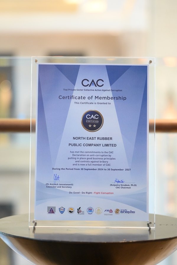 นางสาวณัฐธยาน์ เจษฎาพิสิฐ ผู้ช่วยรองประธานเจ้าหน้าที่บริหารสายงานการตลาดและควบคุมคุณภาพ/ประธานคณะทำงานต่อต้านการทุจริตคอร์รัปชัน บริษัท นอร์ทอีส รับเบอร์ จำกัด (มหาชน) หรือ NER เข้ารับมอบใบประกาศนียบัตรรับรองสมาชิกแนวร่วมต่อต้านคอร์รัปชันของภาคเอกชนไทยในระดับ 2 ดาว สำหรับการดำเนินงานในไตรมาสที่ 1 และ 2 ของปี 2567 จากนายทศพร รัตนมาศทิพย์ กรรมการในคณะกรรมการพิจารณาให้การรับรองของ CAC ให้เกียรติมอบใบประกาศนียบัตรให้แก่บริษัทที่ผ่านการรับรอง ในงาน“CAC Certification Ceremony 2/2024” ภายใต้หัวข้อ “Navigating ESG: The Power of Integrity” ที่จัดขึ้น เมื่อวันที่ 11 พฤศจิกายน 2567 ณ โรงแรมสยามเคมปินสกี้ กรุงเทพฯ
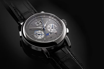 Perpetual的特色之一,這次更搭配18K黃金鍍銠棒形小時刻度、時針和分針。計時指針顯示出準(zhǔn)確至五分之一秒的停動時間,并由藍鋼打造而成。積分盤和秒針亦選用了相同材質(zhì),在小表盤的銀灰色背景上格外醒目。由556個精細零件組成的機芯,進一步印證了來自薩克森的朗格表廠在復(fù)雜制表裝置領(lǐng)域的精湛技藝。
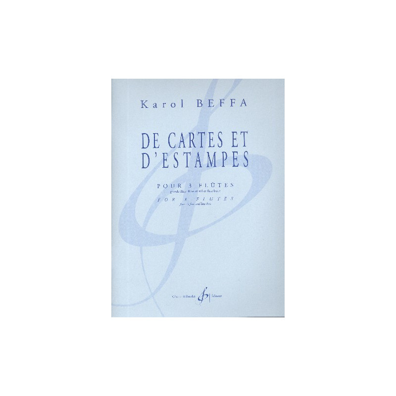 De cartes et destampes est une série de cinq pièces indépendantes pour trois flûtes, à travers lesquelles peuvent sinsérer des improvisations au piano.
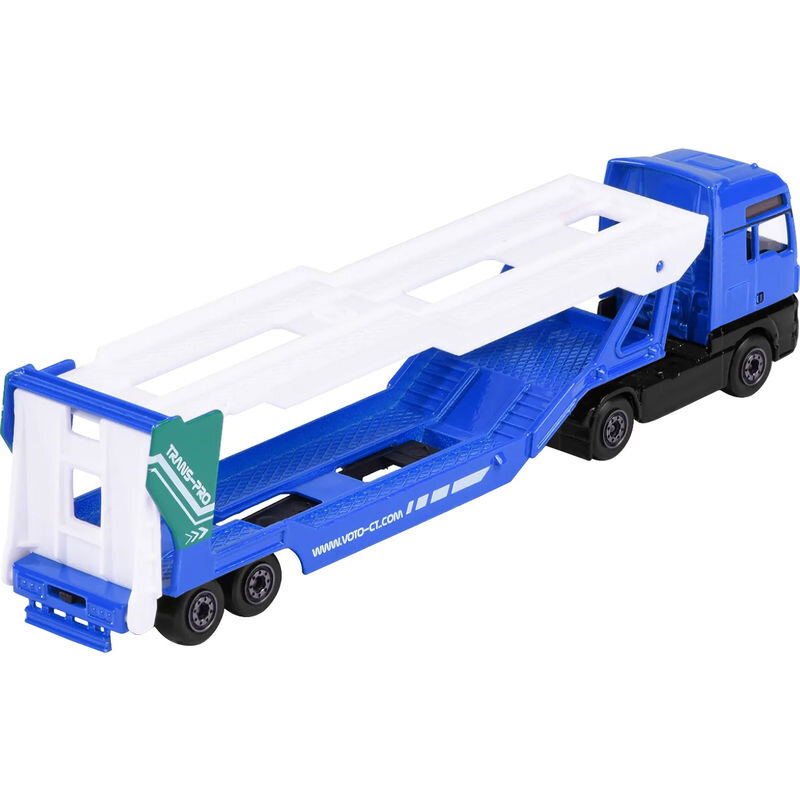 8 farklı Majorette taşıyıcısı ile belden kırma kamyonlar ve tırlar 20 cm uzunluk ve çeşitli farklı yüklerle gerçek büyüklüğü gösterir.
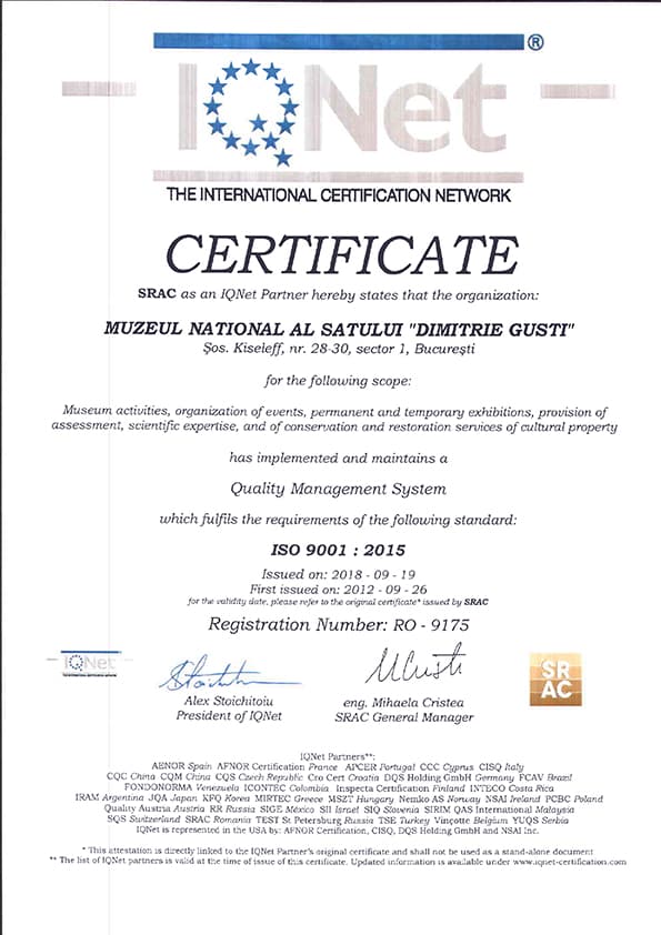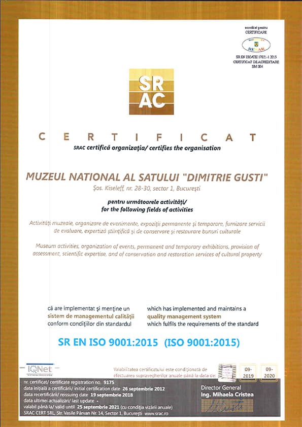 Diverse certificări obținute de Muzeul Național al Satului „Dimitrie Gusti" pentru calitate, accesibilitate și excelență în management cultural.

__________

• _Directions for this task_
Print only the lines from the one with "8 farklı Majorette" through the last line of the data above, exactly and with both ends, and please omit any pictures.

• _Answer space_
 8 farklı Majorette taşıyıcısı ile belden kırma kamyonlar ve tırlar 20 cm uzunluk ve çeşitli farklı yüklerle gerçek büyüklüğü gösterir.
 Diverse certificări obținute de Muzeul Național al Satului „Dimitrie Gusti" pentru calitate, accesibilitate și excelență în management cultural.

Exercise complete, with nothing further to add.